Rome began as a monarchy, launching with the founding of the City of Rome in 753 B.C.  The kingdom, before being replaced by the Roman Republic, lasted roughly a hundred and fifty years.  No historical records from the time of the Roman Kingdom have survived, likely destroyed when the Gauls sacked Rome after the Battle of Alia in 390 B.C.  Writings, or other records, that we do have regarding the earliest years of Rome’s regal era mostly come from writings provided to us from the subsequent Republic and Empire, which is believed to be largely based on oral tradition. 

The kings were elected and received a life-long term.  The region was filled with fertile plains, and was easily defensible thanks to the Palatine Hill (centermost of the Seven Hills of Rome), and the hills surrounding it.  A series of kings ruled Rome’s fledgling years.  While the Roman Senate was created during the kingdom era, the legislative body held very little power. 

The unwritten common law (an uncodified constitution) originated during the kingdom, but gave way to the Constitution of the Roman Republic, and the promulgation of the Laws of the Twelve Tables (449 B.C.). 

Like the progressive left, Augustus Ceasar told the public that he was the only one that could save the system.  And, as with today, a large number of people believed him.  Moral norms broke down.  Political norms were set aside.  Along the way systems of welfare and subsidies were established.  At one time the expectation was, “When in Rome, do as the Romans do.”  Rome flourished largely because when new cultures were added, they were expected to assimilate into the Roman Culture, to operate as the Romans did.  The new ruling elite in Rome, however, began to do away with the cultural policy, no longer expecting newcomers to assimilate into Roman society. 

As the costs of the collective programs began to weigh heavily on the Roman budget, and producers produced less because it was easier to receive gifts from the treasury, or mismanage their farm or business because subsidy money was coming in whether they produced, or not, the taxes went up, and the Roman leadership began to impose heavy regulations to force the producers to kick it up a notch.  Voices spoke out against what was happening, but the leadership arrested their opposition for daring to gather against them.  They suspended habeas corpus and jailed their opposition without a speedy and public trial with an unbiased jury; a clear violation of the Twelve Tables.

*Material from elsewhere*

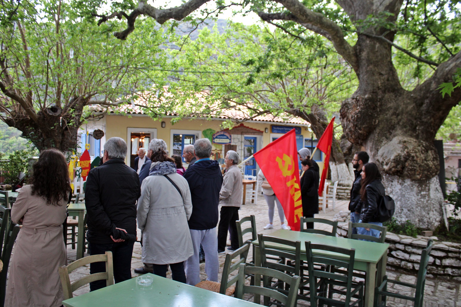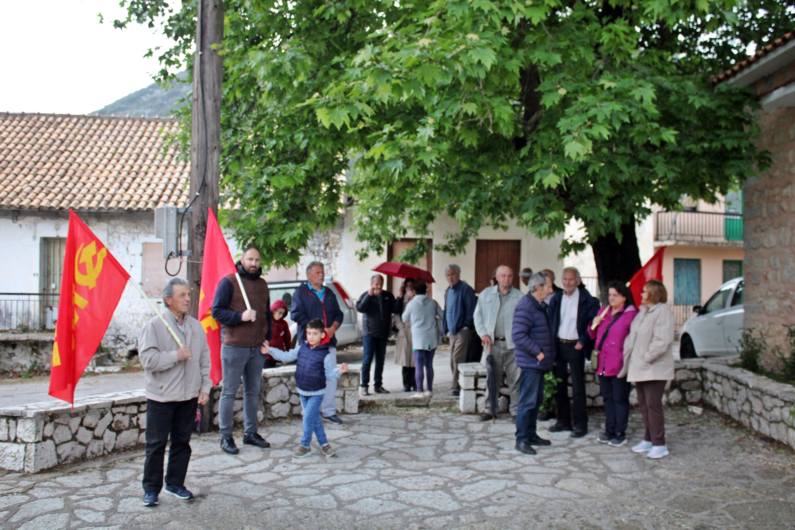 Το στεφάνι στο μνημείο εκ μέρους της ΤΟ Λευκάδας του ΚΚΕ κατάθεσε ο Λευτέρης Θερμός. Προηγήθηκε σύντονη ομιλία από τον Βαγγέλη Βερροιώτη, μέλος της Επιτροπής Περιοχής Βορειοδυτικής Ελλάδας του ΚΚΕ. Την κεντρική ομιλία στην πλατεία του χωριού έκανε ο Νώντας Μωραΐτης, μέλος του Γραφείου της ΤΕ Λευκάδας του ΚΚΕ.

The opposition realized that something must be done, so they began to pursue change through the political system, and in response the leaders of the opposition were indicted, attacked with legal indictments that could result in prison time, and the tyrants in government had the properties of any opposition seized in an attempt to financial destroy them, and convince them to give up the fight.  They rigged elections to give themselves complete control over government, and a large portion of the general public subscribed to the cultish leftwing progressive leviathan that was poised to spread its dark shadow across all of the Roman Empire.  In the case of Augustus Caesar, he was given complete control, and anyone who disagreed with the maddening anti-morality and unconstitutional political activities of the rising regime were silenced and discarded.

It began without anyone realizing what was going on in the Roman Republic just prior to the Birth of Jesus Christ.  The republic was dying as political giants maneuvered into position.  The citizenry was not concerned, for they had their bread, circuses, and sexual deviations.  The orgies were all the rage, and it was becoming difficult to locate the line between male and female.  The republic had functioned for hundreds of years.  Moral and political norms had been heeded.  A virtuous society that was informed about politics had at one time existed, and during those years the government remained within the boundaries of the Laws of the Twelve Tables (the foundation of Roman Law).  Amendments were added when needed, laws were proposed and passed with the consent of the governed, and for over 300 years the republic remained stable and Rome’s reach extended throughout Europe, Northern Africa, and into the Middle East with various cultures joining willingly at one point, excited to join the most successful civilization in the history of the Earth.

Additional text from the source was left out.